Transcoding UTF-8 strings to Latin 1 strings at 18 GB/s using AVX-512

12 thoughts on “Transcoding UTF-8 strings to Latin 1 strings at 18 GB/s using AVX-512”

camel-cdr says:

August 12, 2023 at 1:34 pm

I wrote a RVV version:

size_t convert_rvv(uint8_t *utf8, size_t len, uint8_t *latin1) { uint8_t *beg = latin1; uint8_t last = 0;
vuint8m4_t v, s; vbool2_t ascii, cont, leading, sleading; for (size_t vl, VL; len > 1; ) { VL = vl = __riscv_vsetvl_e8m4(len); v = __riscv_vle8_v_u8m4(utf8, vl); ascii = __riscv_vmsgtu_vx_u8m4_b2(v, 0x80-1, vl); if (__riscv_vfirst_m_b2(ascii, vl) < 0) goto skip; s = __riscv_vslide1up_vx_u8m4(v, last, vl); leading = __riscv_vmsltu_vx_u8m4_b2(__riscv_vadd_vx_u8m4(v, 0b11000010, vl), 2, vl); sleading = __riscv_vmsltu_vx_u8m4_b2(__riscv_vadd_vx_u8m4(s, 0b11000010, vl), 2, vl); cont = __riscv_vmsne_vx_u8m4_b2(__riscv_vsrl_vx_u8m4(v, 6, vl), 0b10, vl); if (__riscv_vcpop_m_b2(__riscv_vmand_mm_b2(sleading, cont, vl), vl) != __riscv_vcpop_m_b2(sleading, vl) || __riscv_vfirst_m_b2(__riscv_vmnor_mm_b2(ascii, __riscv_vmor_mm_b2(leading, cont, vl), vl), vl) >= 0) return 0; s = __riscv_vor_vv_u8m4(__riscv_vsll_vx_u8m4(__riscv_vand_vx_u8m4(v, 1, vl), 6, vl), s, vl); s = __riscv_vmerge_vvm_u8m4(v, s, ascii, vl); v = __riscv_vcompress_vm_u8m4(s, cont, vl); vl = __riscv_vcpop_m_b2(cont, vl); skip: __riscv_vse8_v_u8m4(latin1, v, vl); latin1 += vl; utf8 += VL; len -= VL; last = utf8[-1]; }
return (latin1 - (uint8_t*)beg); }

Results from a 2 GHz C920:

SWAR: 0.419896 GiB/s RVV: 3.707396 GiB/s

(I hope this isn’t a duplicate, I couldn’t tell if the previous posting got through)
1. camel-cdr says:
  
  August 12, 2023 at 1:40 pm
  
  Looks like the formatting got a bit messed up, here is a godbolt link: https://godbolt.org/z/6M7T938aE
Daniel Lemire says:

August 12, 2023 at 6:15 pm

Thanks for sharing!
-.- says:

August 13, 2023 at 4:46 am

Isn’t this just a case of moving the bottom bit of the leading byte to the 6th of the following byte, then stripping out all leading bytes?

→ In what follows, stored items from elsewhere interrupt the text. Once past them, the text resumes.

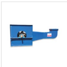
Industrial Box Blower
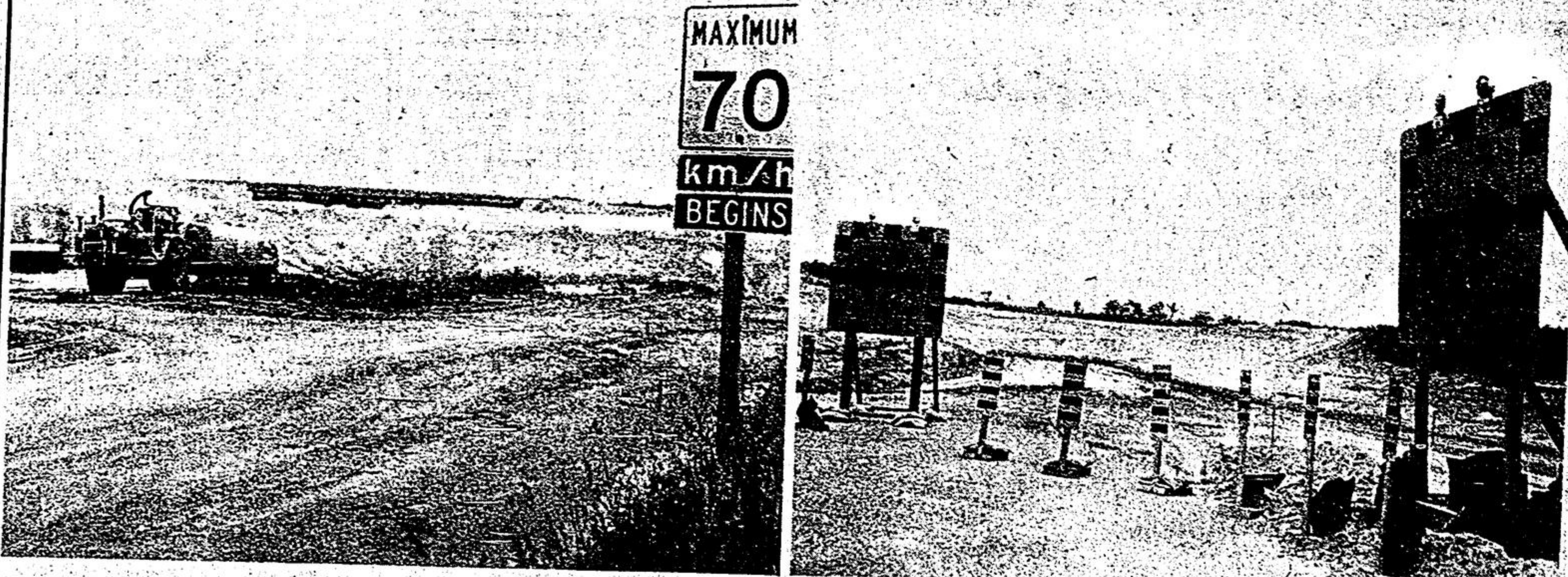
Former residents, returning to the hamlet of Gormley, might need a road map to find their way through the place, so greatly changed is the community. It's
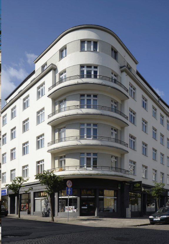
Fig. 8: Tenement house, Skwer Kościuszki (left)
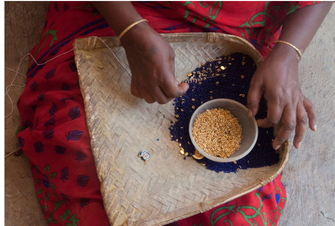
Rice Sieve is used to evenly spread the beads.

http://www.dsource.in/resource/bead-jewellery-making-srikalahasti/tools-and-raw-materials
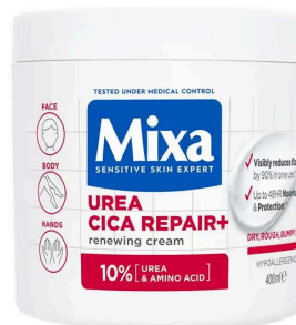
LEIGH'S EMPTY: Mixa Urea Cica Repair + Renewing Cream , $17.99.
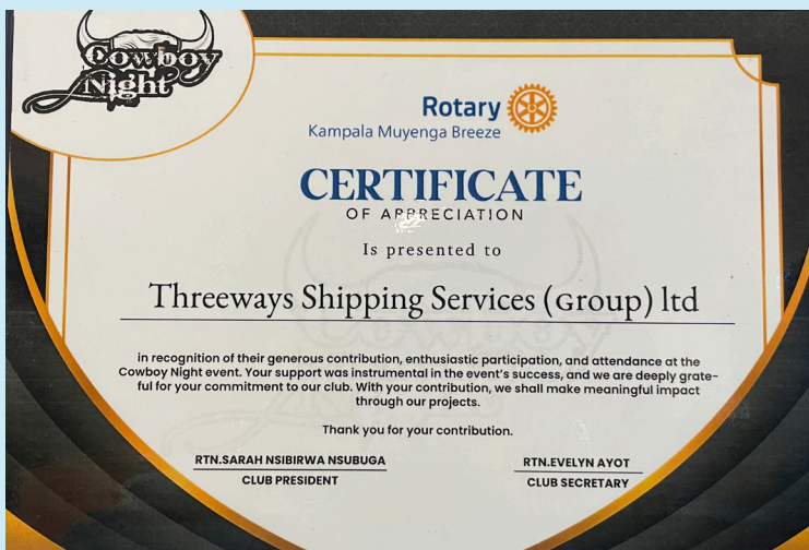
Certificate of Appreciation presented to Threeways Shipping Services (Group) Ltd by Rotary Club, Muyenga Breeze.
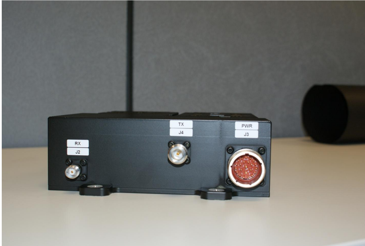
Figure 1: IPLD Front View

CONFIDENTIAL, UNPUBLISHED PROPERTY OF ONE OR MORE OF THE FOLLOWING - EMS TECHNOLOGIES CANADA, LTD., FORMATION INC., SKY CONNECT LLC (COLLECTIVELY "EMS AVIATION").
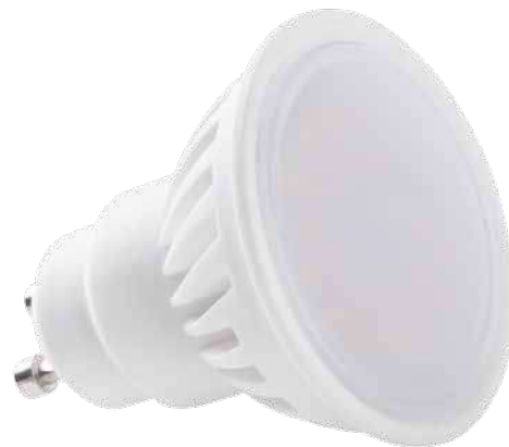
TEDI MAX LED GU10-CW
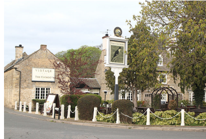
Church Street, Alwalton
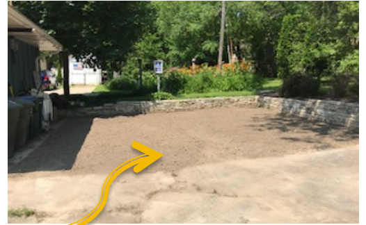
This area will be planted in grass and will be used as a meditation area, or rain garden, or kids play area, or...?
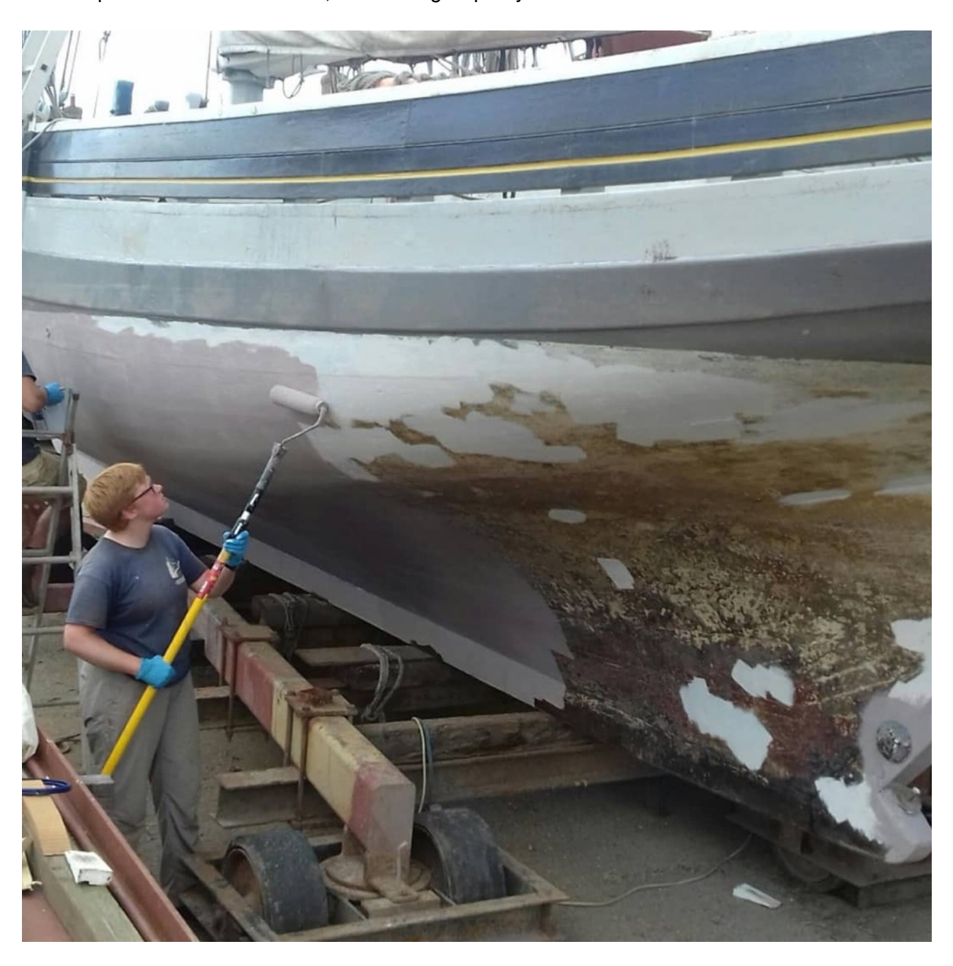
Me looking cheerful with a big roller.

We scraped and antifouled Sallie, Sea-Change's pretty little Colchester smack.
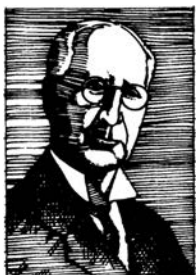
Edward H. Angle
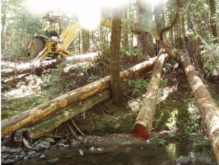
Figure 3. Ken Smith weaving large wood into a fish-bearing watercourse.

streams or logs placed in streams dislodging and floating downstream must be considered when proposing unanchored wood projects as part of Plans. In some cases, large wood structures may need to be engineered to keep the structure in place during high flows and not adversely impact downstream infrastructure.
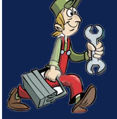
copywrite Frisco illustrationsOf.com/89401

The other bolt is "special" only because it is only 11/16" long. This allows the bolt to lock the spring in place, without having the bolt actually touch the starter shaft. Don't be tempted to use a 3/4" long bolt instead of the correct shorter one. See the comparison photo of a 3/4" bolt and the correct bolt.

__m512i input = _mm512_loadu_si512((__m512i *)(buf + pos)); __mmask64 leading = _mm512_cmpge_epu8_mask(input, _mm512_set1_epi8(-64)); __mmask64 bit6 = _mm512_mask_test_epi8_mask(leading, input, _mm512_set1_epi8(1)); input = _mm512_mask_sub_epi8(input, (bit6<<1) | next_bit6, input, _mm512_set1_epi8(-64)); next_bit6 = bit6 >> 63; _mm512_mask_compressstoreu_epi8((__m512i*)latin_output, ~leading, input); // WARNING: bad on Zen4

I tried putting it into the full code, and it appears to work: https://pastebin.com/Jbzm16pF
I’m not sure if the test cases can pick up all possible errors though.
1. Daniel Lemire says:
  
  August 13, 2023 at 8:57 pm
  
  Except that my full code validates the input. I don’t think your code does…
  1. Daniel Lemire says:
    
    August 13, 2023 at 8:59 pm
    
    Oh. I see that you have completed it. I will run benchmarks.
    1. Daniel Lemire says:
      
      August 13, 2023 at 9:56 pm
      
      Blog post updated. Great results.
      1. -.- says:
        
        August 14, 2023 at 2:33 am
        
        Thanks for trying it out!
        
        Daniel Lemire says:
        
        August 14, 2023 at 2:23 pm
        
        I was estimating 0.5 instructions per byte for an optimized routine but your approach is a tad better which is amazing.
Eggz says:

August 13, 2023 at 3:40 pm

oke intel fanboy. Are you done? Can we shelve complicated avx512 indoctrination completely now? Good heavens…
1. Daniel Lemire says:
  
  August 13, 2023 at 8:57 pm
  
  AMD Zen 4 has superb AVX-512 support.
2. -.- says:
  
  August 14, 2023 at 2:35 am
  
  If you have a competitive alternative, you’re welcome to post it.